Motorists, residents groan over failed Lagos roads
Except for places like Alausa, Ikoyi, and some parts of Island, the entire residents could feel the pinch of impassable roads and attendant gridlocks that no longer discriminate between day and night.
Indeed, from Alimoso to Agege, Ikeja, Badagry, Isolo, Mushin, Oshodi, Surulere, Apapa, Ajah, Bariga, Epe and Ikorodu, the tales are the same. And united in pains, they called on the State government to live up to its responsibility before it is too late.
Residents of Ajao Estate, and other road users in that flank of Isolo Local Council of Lagos State, yesterday counted their losses over the complete failure of roads in the area.
The road, which serves as an alternative for many motorists heading to neighbouring towns like Ejigbo, Jakande gate, Ikotun, Oke-Afa, Ijegun, Orisunbare Idimu, Egbeda, and other environs find the route unbearable and in shambles.
Either from the Airport Road or partially closed Apapa-Oshodi Expressway, the failed portions are immediately seen at Aswani junction, Ile-Iwe Meta junction on Mushin-Ikotun road. Mushin-Ikotun road is, in fact, an eyesore. Despite recent palliative measures, the road has worsened at Pako bus stop, Jakande-gate, NNPC junction (right in front of the Ejigbo LCDA), Iyana-Ejigbo junction and all the way to Ikotun.

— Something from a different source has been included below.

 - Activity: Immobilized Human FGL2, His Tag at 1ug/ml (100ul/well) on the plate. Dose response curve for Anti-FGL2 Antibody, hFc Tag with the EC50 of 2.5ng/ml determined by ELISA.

The long and unfriendly stares of drivers and commuters, the long queue of stranded passengers at major bus-stops like Five Star, 7 and 8 and Ajao junction, the weary look on pedestrians trekking long distances to beat the traffic and the short supply of commercial tricycles and motorcycles all tell the story of pain, anguish and frustration from sunrise to sunset.
At a point, the vehicles also resist further torture by packing up. Many vehicles are seen parked off the road with their bonnets raised, due mainly to overheated engines.

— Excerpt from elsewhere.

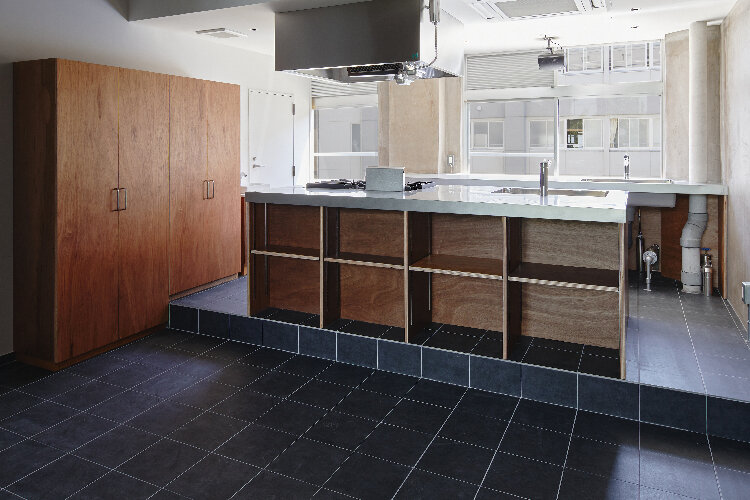 3口コンロ2箇所とスチームオーブンなどを備えるキッチンスペースです。このダイナミックなキッチンは、料理人を招待してのイベント開催やポップアップ出店などに最適です。また、普段とは違ったパーティ会場をお探しの方々にもおすすめです。

While some residents and business owners, in a bid to remedy the situation, had tasked themselves to fix some of the roads to a manageable state, the roads are at best craters that damaged vehicles and cause residents and motorists anguish, and discomfort.
The daily worsening condition of the roads, which have seen potholes taking over them, have got the residents wondering whether state and local government authorities still exist.
According to residents, the increasing number of potholes, apart from the incessant traffic gridlock that it causes, and the wear and tear resident’s vehicles are subjected to, causes them and commuters to spend lengthy periods on the road, especially during peak hours.
A visit to streets like Asa Afariogun, Ajibade Babatola, Ahanor Drive, Chivita Avenue, Alhaji Lukman Atobajeun among others will leave a first time visitor or investor to the city with the worst type of impression about the state government and authorities involved.
Some hotel owners have resorted to rehabilitating the roads such as Fatai Taiwo and Awoniyi Elemo leading to the entrance of their complexes leaving the remaining parts in utter decay since the government has failed to do their work.
The pain is further aggravated by the state of the inner-city roads adjoining the route along the express. Commercial buses drive against traffic with reckless abandon. The situation has made some car owners abandon their vehicles at home and trek to their destinations.
Some of the business owners, who spoke to The Guardian, want the government and the authorities in charge to swiftly come to their aide as the bad spot is causing more pains and losses for their businesses.
A retailer, Felix James said whenever it rains, the whole environment tends to be in a mess.
James, who works in a pharmacy along Alhaji Lukman Atobajeun Street, said it has become a stress for him mopping the floor as customers’ troop into the store with dirt due to the messy road.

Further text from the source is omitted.